ALI reported a net income of P6.9 billion from January to March, 10 percent higher than last year, as revenues improved by six percent year-on-year to P43.6 billion.

“As we close the first quarter of 2025, I am pleased to share that Ayala Land remains firmly on track – guided by discipline, resilience, and long-term perspective – even as we navigate today’s complex macroeconomic landscape,” ALI president and CEO Anna Ma. Margarita Bautista-Dy said.

“We are energized with what lies ahead and continue to deliver sustainable long-term value for all our stakeholders,” she said.

Revenues from property development rose by 11 percent to P27.8 billion during the three-month period, driven by contributions across premium residential offerings and commercial and industrial lots for sale.

Residential revenues reached P22 billion, up by three percent year-on-year due to the resilience of the premium segment.

Commercial and industrial lot revenues, meanwhile, more than doubled to P5.7 billion as a result of strong sales at Arca South in Taguig City.

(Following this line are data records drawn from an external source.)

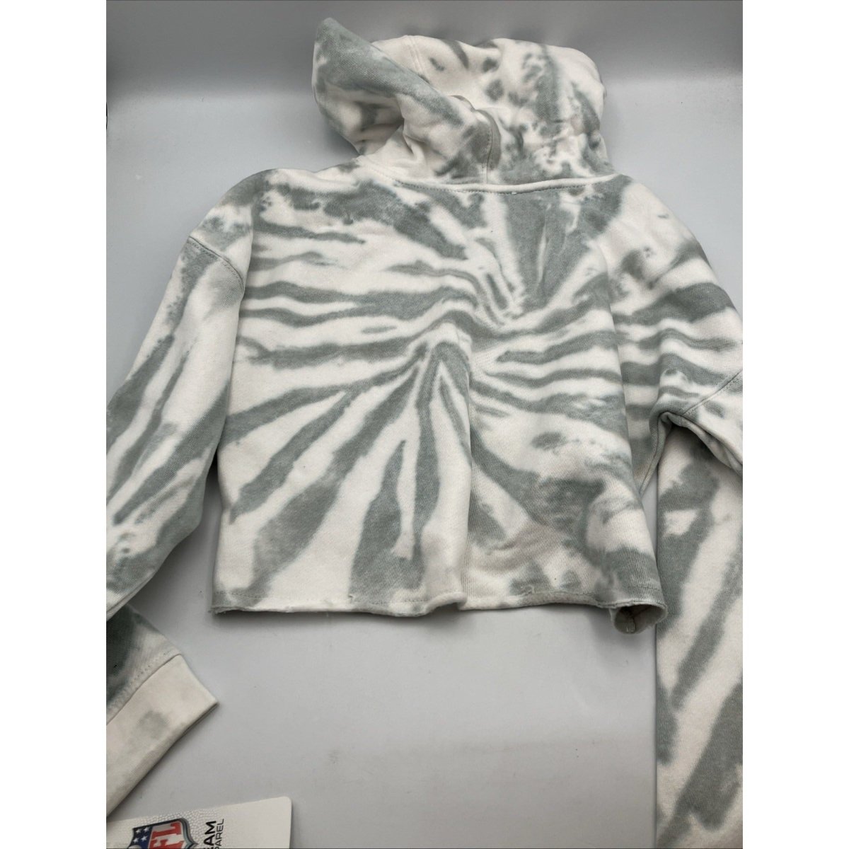 NFL New England Patriots Girls Gray Tie-Dye Crop Hooded Sweatshirt, Medium (7/8)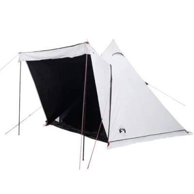 vidaXL Family Tent Tipi 6 Person Dome White Blackout Fabric Waterproof & Wind Portable and Lightweight Easy Setup with Detachable Rainfly Zippered Doors
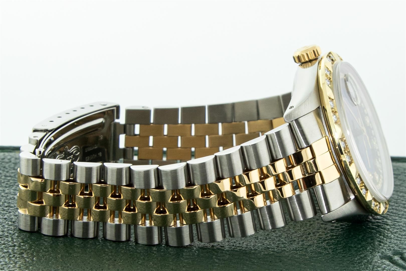 One Men's Yellow Gold Rolex Datejust Polished Bright with Satin Finish, Serviced & Electronically Tested, Rolex Stainless Steel Case: 36mm, Rolex Yellow Gold Crown, Custom Bezel: New 18K Yellow Gold Pyramid Diamond Bezel, Diamond Count: 24 Diamonds, Clarity: SI-VS, Color: G to H. Custom Crystal: New Sapphire with Magnified Date Window. Custom Hands: New Luminescent Hands. Rolex Movement: Automatic Winding Movement. Custom Dial: Refinished To Black String with Added Diamonds, Diamond Count: 58 Diamonds In Dial, Color: G to H, Clarity: VS. Date Window: 3 O'clock Position Date Display, Quickset, Model: Datejust. Condition: G-6 Extra Fine. Rolex Bracelet: Yellow Gold And Stainless Steel Jubilee Band. Bright Polish & Satin Finish. 7.0 Inch Length, Adjustable. Standard Clasp, with Rolex Logo. This Preowned Watch Has Been Serviced And Polished It Is Free Of All Scratches And Dents. This Watch Comes with A Rolex Box.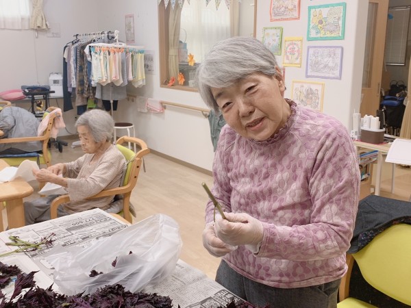 赤しその葉は、職員が煮出してお砂糖やクエン酸を加えることによって

Property development reservation sales improved by four percent year-on-year to P36.2 billion, led by premium residential sales and take-up for commercial and industrial lots.

ALI said the strength of these segments cushioned the contraction in the core residential segment, which contributed P10.5 billion to total sales.

During the first quarter, the company launched four projects worth P12.6 billion, all located outside Metro Manila and with 90 percent from the premium segment.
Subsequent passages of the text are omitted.